Abbas heads the Civil Progress Alliance Pakistan (CPAP).
"We received a call from Samar on Tuesday," his brother Ashar Abbas told The Express Tribune. "He informed us that he has been released."
Ashar said the family had seen and talked to Samar through a video call but were unaware of his current whereabouts. "He told us he is safe and will soon return home."
Earlier, Talib Abbas, a member of CPAP confirmed to The Express Tribune that Samar had safely returned.
However, Rashid Rizvi of the Shia missing persons release committee claimed unidentified persons left a blindfolded Abbas near Karachi's Sohrab Goth. “He returned home himself,” he said. “He is mentally and physically exhausted.”

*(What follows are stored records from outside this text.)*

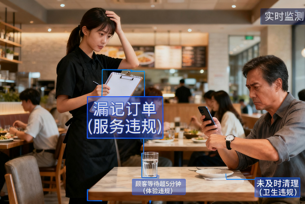 中高端餐饮连锁的痛点痛彻心扉:OSHA数据显示,餐饮违规(如PPE未戴)占行业事故的35%,罚款每月可达7万美元;SOP不规范导致翻台率下降19%,如服务流程混乱引发的顾客等待超5分钟;代打卡率12%,劳动法合规风险高企;督导人力不足,厨房卫生盲区覆盖率仅50%;食材操作不标准,浪费率高达18%,叠加2025年新版食品安全法规,违规罚金翻倍。这些让餐厅从“味蕾天堂”变“风险雷区”。
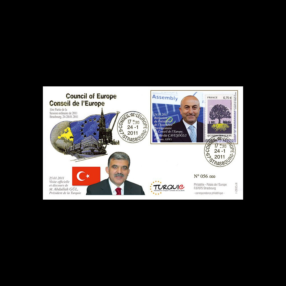 N°CE62-I : FDC First Part of the regular session of the Council of Europe Parliamentary Assembly January 24-28, 2011 "Reelection of the Council of Europe Parliamentary Assembly President, Mr. Mevlüt ÇAVUŞOĞLU (Turkey, EDG) - Official visit and speech of Mr. Abdullah GÜL, President of Turkey" :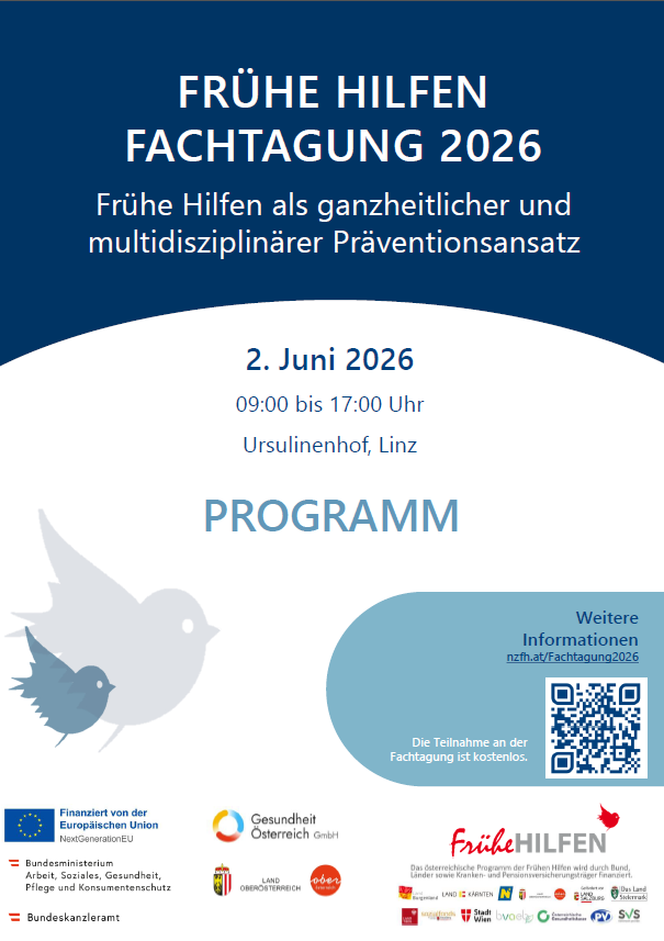 Am 2. Juni 2026 von 9.00 bis 17.00 findet in Linz (Ursulinenhof) unter dem Motto „Frühe Hilfen als ganzheitlicher und multidisziplinärer Präventionsansatz“ die ganztägige Frühe-Hilfen-Tagung 2026 statt. Die Tagung wird vom NZFH.at in Kooperation mit dem Land OÖ, dem BMASGPK und der Familiensektion des BKA organisiert. Die Tagung gibt Einblick in den aktuellen Stand der Umsetzung und die Praxis der Frühen Hilfen in Österreich und bietet zahlreiche Fachinputs sowie die Möglichkeit zur Vernetzung.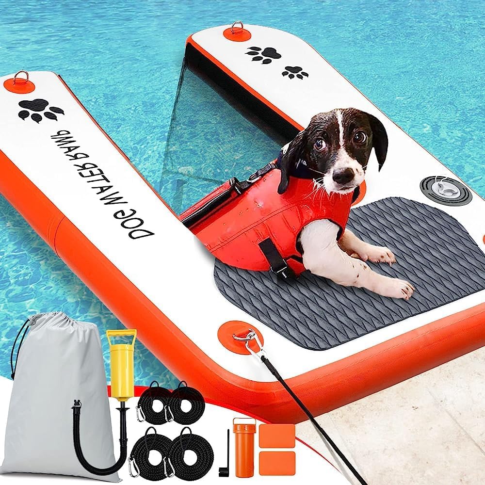 Sicherer Badespaß für deinen Vierbeiner! Diese aufblasbare Poolrampe gibt Hunden einen einfachen und sicheren Weg in und aus dem Pool. Mit den Maßen 150x100cm und einer Tragkraft von 105kg ist sie für kleine und große Hunde gleichermaßen geeignet. Die Anti-Rutsch-Oberfläche aus EVA bietet optimalen Halt, und die 6 D-Ringe ermöglichen eine sichere Befestigung. Einfach mit der beiliegenden Pumpe aufblasen und schon kann's losgehen. Nach dem Gebrauch kompakt zusammenfalten und in der praktischen Tragetasche verstauen. Damit macht Schwimmen nicht nur Spaß, sondern ist auch absolut sicher!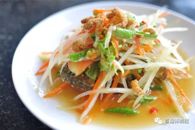 这道奇异的菜品属于味蕾的分水岭——有些人觉得“哇”,如此美味;有些人便觉得难以下咽,实在泾渭分明。用杵和臼将蒜、辣椒、青豆、圣女果和生木瓜片捣碎,散发出的甜酸辣味令人难忘!(希望钟爱独特美食的喜饭们可以去试试哦~)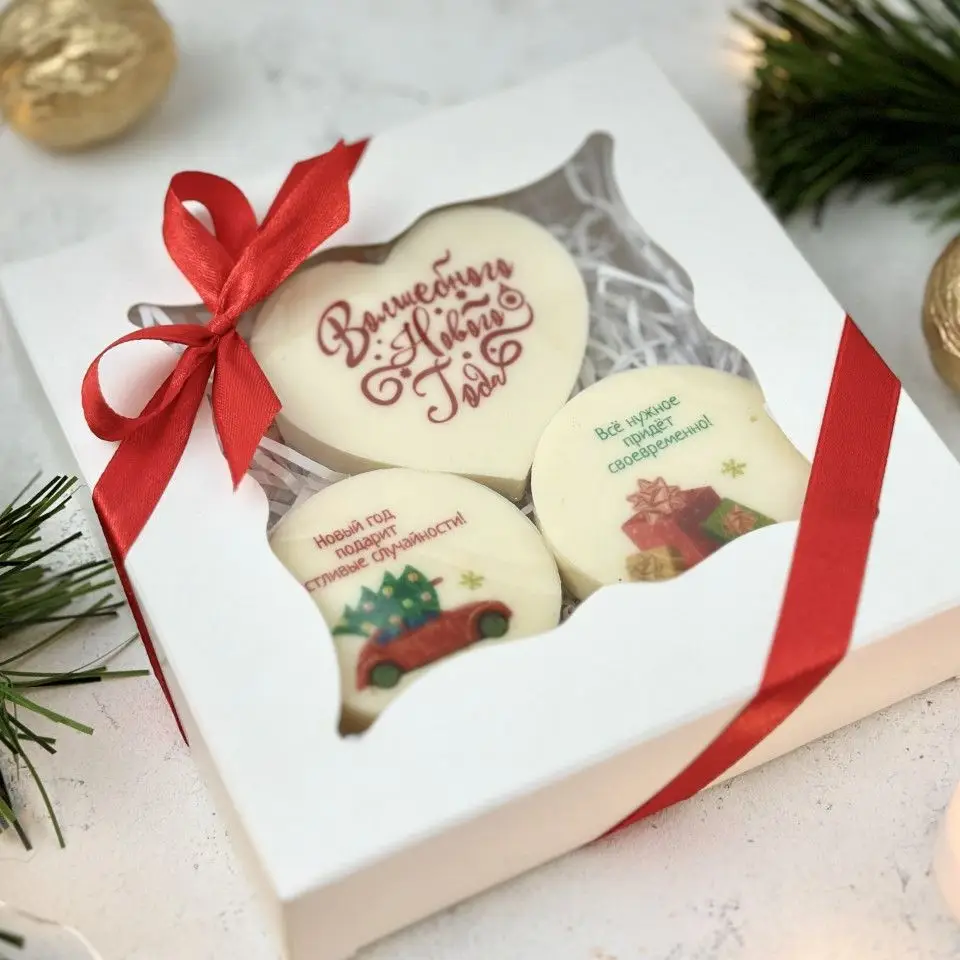 Набор упакован в изящную коробку с подарочной атласной лентой.В набор входят 3 печенья.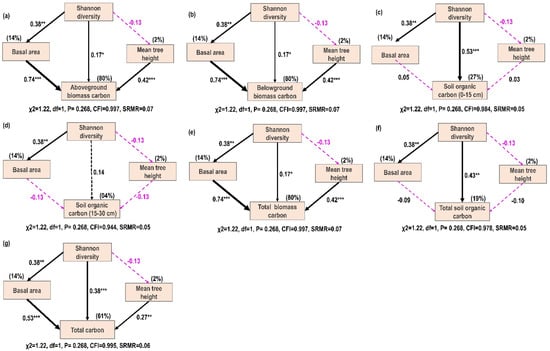 Structural equation models. (a–g) Aboveground biomass carbon (a), belowground biomass carbon (b), soil organic carbon (0–15 cm) (c), soil organic carbon (15–30 cm) (d), total biomass carbon (e), total soil organic carbon (f) and total carbon (g). All SEMs had a similar insignificant χ2 (Chi-Square) of 1.22 (p = 0.268), with a comparative fit index close to one (CFI; 0.98–0.99) and a standardized root mean square residual close to zero (0.08), indicating no significant deviation from model and datasets at one degree of freedom. The lines with pink and black indicate a negative and positive association between the two covariables. Arrows with numbers indicate the standardized association of predictors with dependent variables. Numbers with percentages above boxes independent variables indicate their explained variance (Coefficient of determinant: R squared) by all the predictors. The path values with asterisks indicate their significance level (*** p < 0.001, ** p < 0.01, * p < 0.05), while the insignificant paths were indicated as dotted lines (p > 0.05).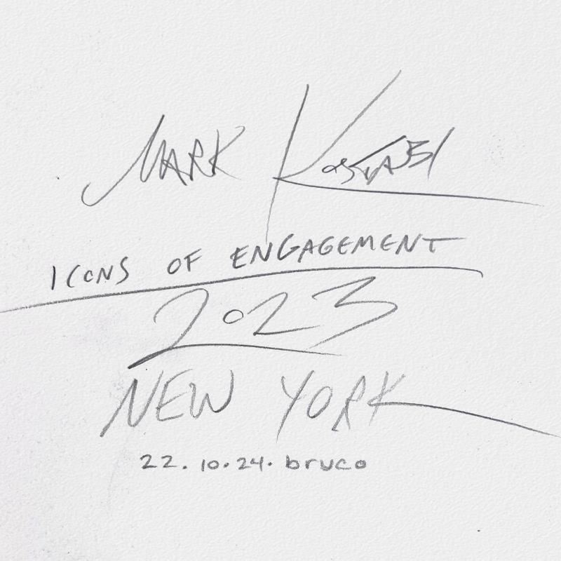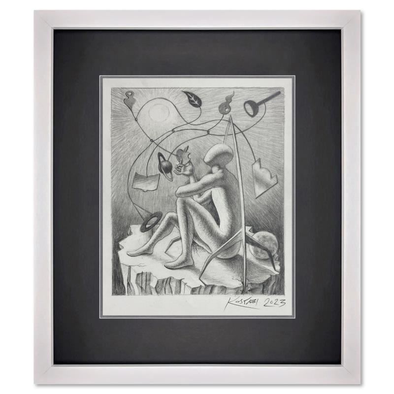 "Icons of Engagement - New York" is an original drawing on paper by Mark Kostabi, hand signed by the artist. This piece comes custom framed. Includes Certificate of Authenticity. Measures approx. 15" x 13" (frame), 9" x 7" (image).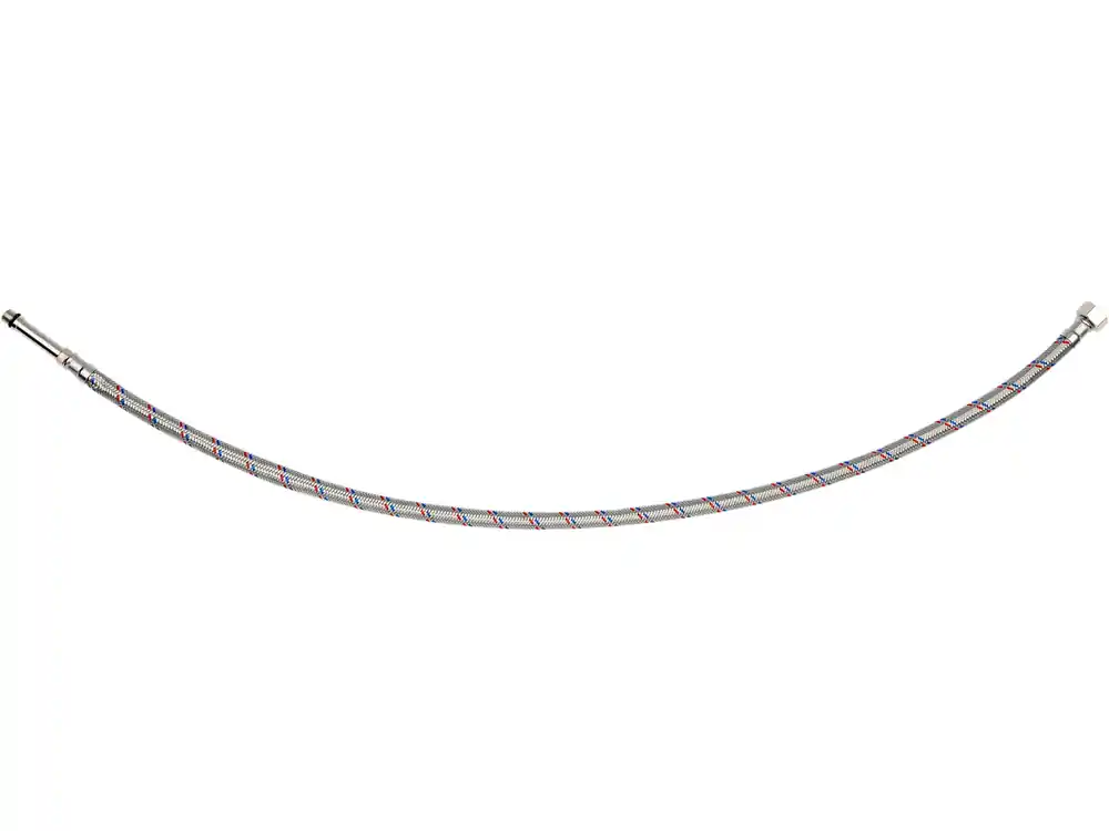 - Elastyczny wąż w oplocie ze stali nierdzewnej, gwarantujący wytrzymałość i odporność na uszkodzenia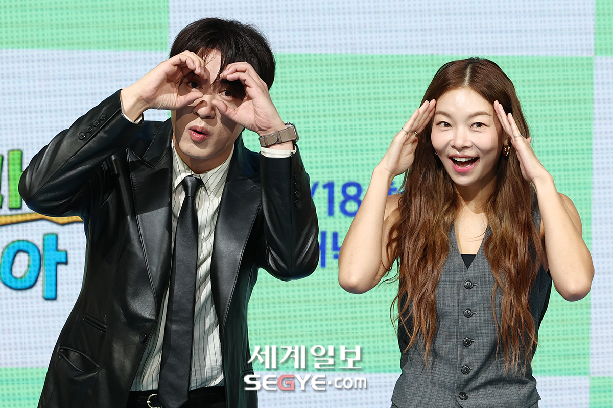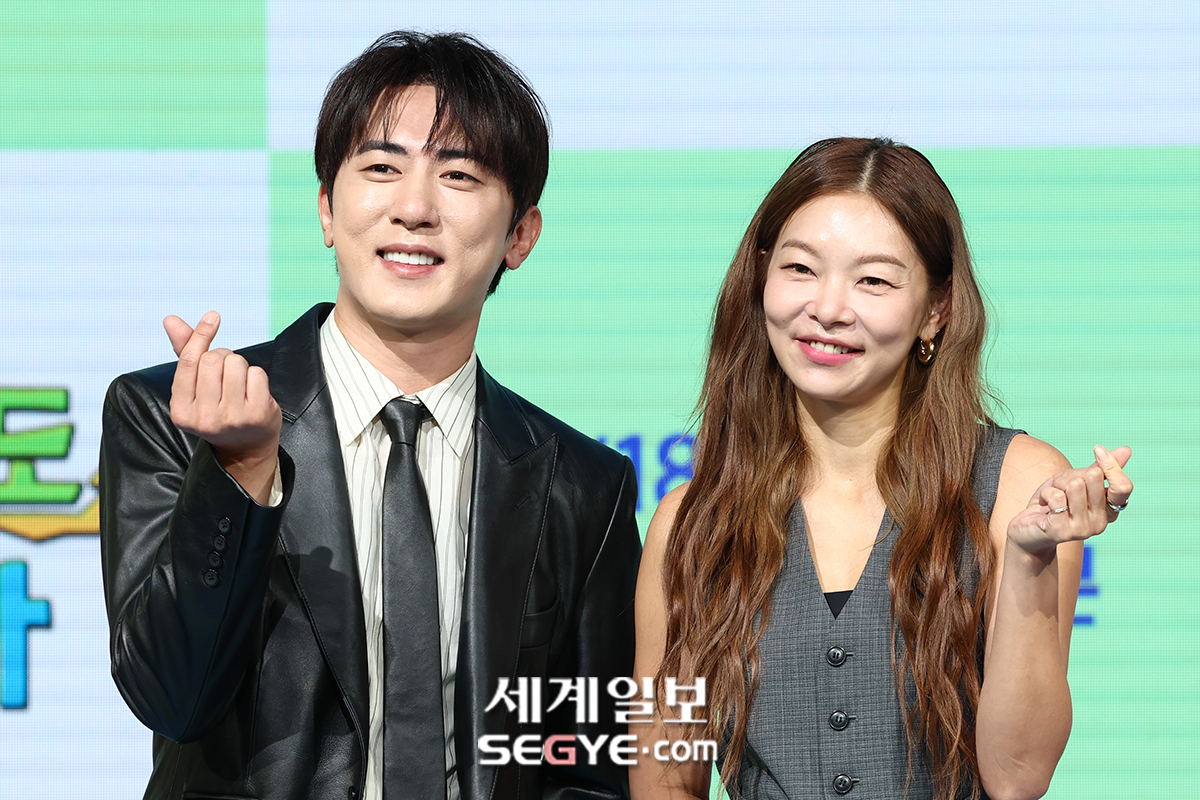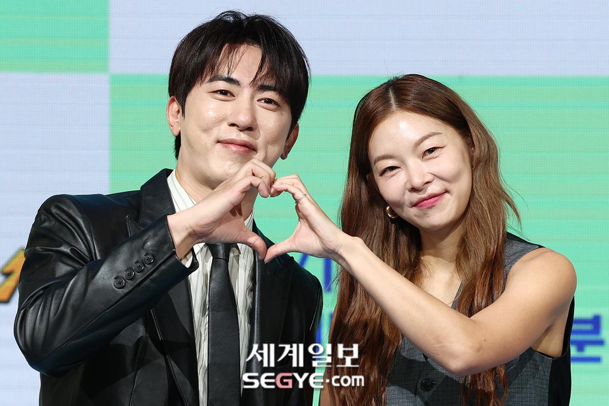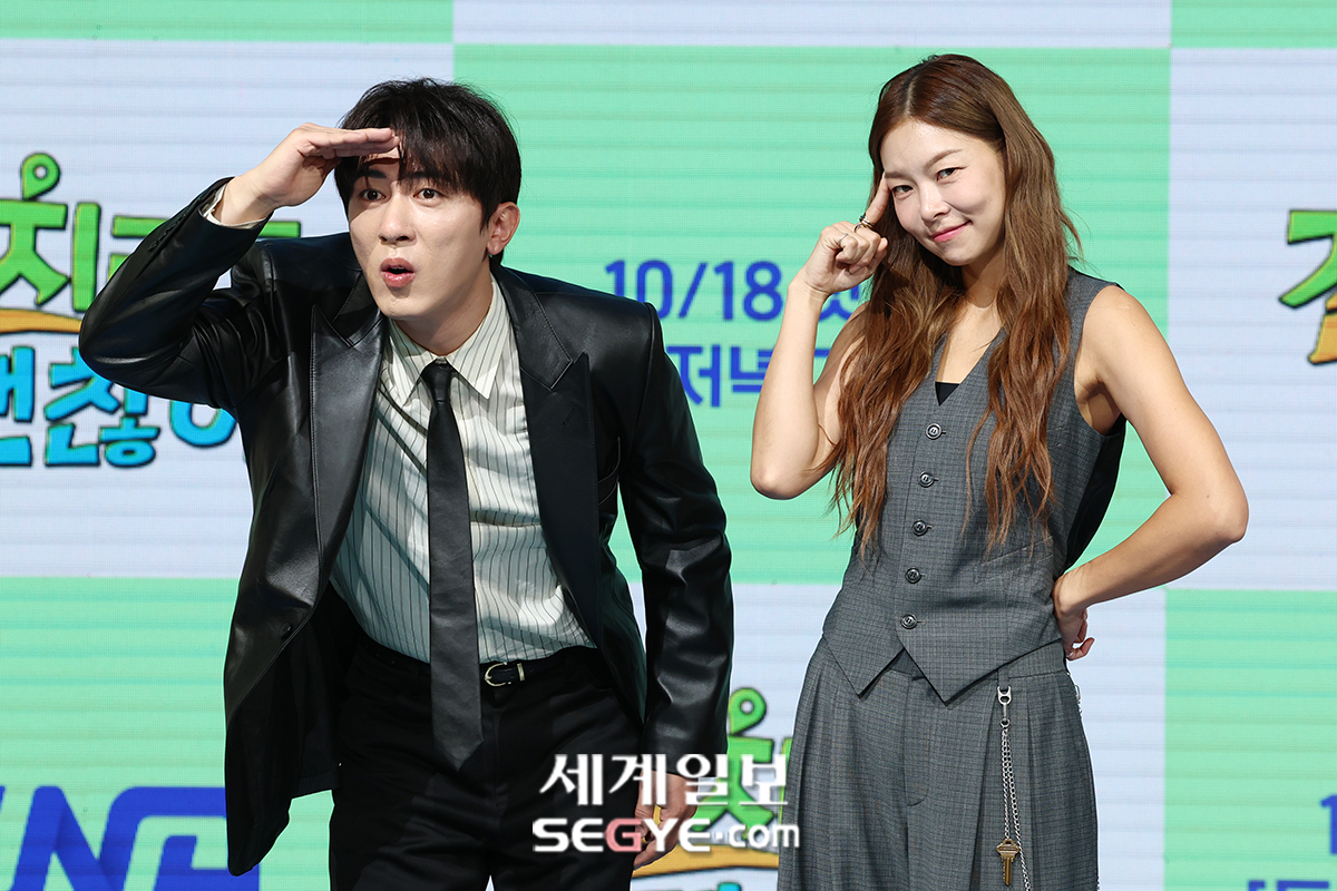 코미디언 김원훈(사진 왼쪽)과 방송인 송해나가 16일 서울 마포구 상암동 쇼킹케이팝센터에서 열린 ENA ’길치라도 괜찮아’의 제작발표회에 참석해 포즈를 취하고 있다.

But Ashar rejected these claims.
A Karachi native, Abbas went missing under mysterious circumstances from Islamabad when a wave of ‘disappearances’ of social media activists hit Pakistan with Waqas Goraya and Asim Saeed disappearing from Lahore on January 4; Salman Haider vanishing from the capital on January 6 and Ahmed Raza Naseer disappearing from Sheikhupura on January 7.
While, Goraya, Saeed, Naseer and Haider returned home safely by the end of the month, Abbas remained missing for more than a year.
Following Abbas’s disappearance, his brother-in-law had revealed that Abbas had been in touch with his family until the night of January 6 last year before his phone was switched off.
He said one of Abbas' acquaintances, who was with him in Islamabad told the family that the activist left his place, saying he would come soon after completing some work.
Subsequently, police had registered a case of kidnapping but officials remained tight-lipped over the matter since.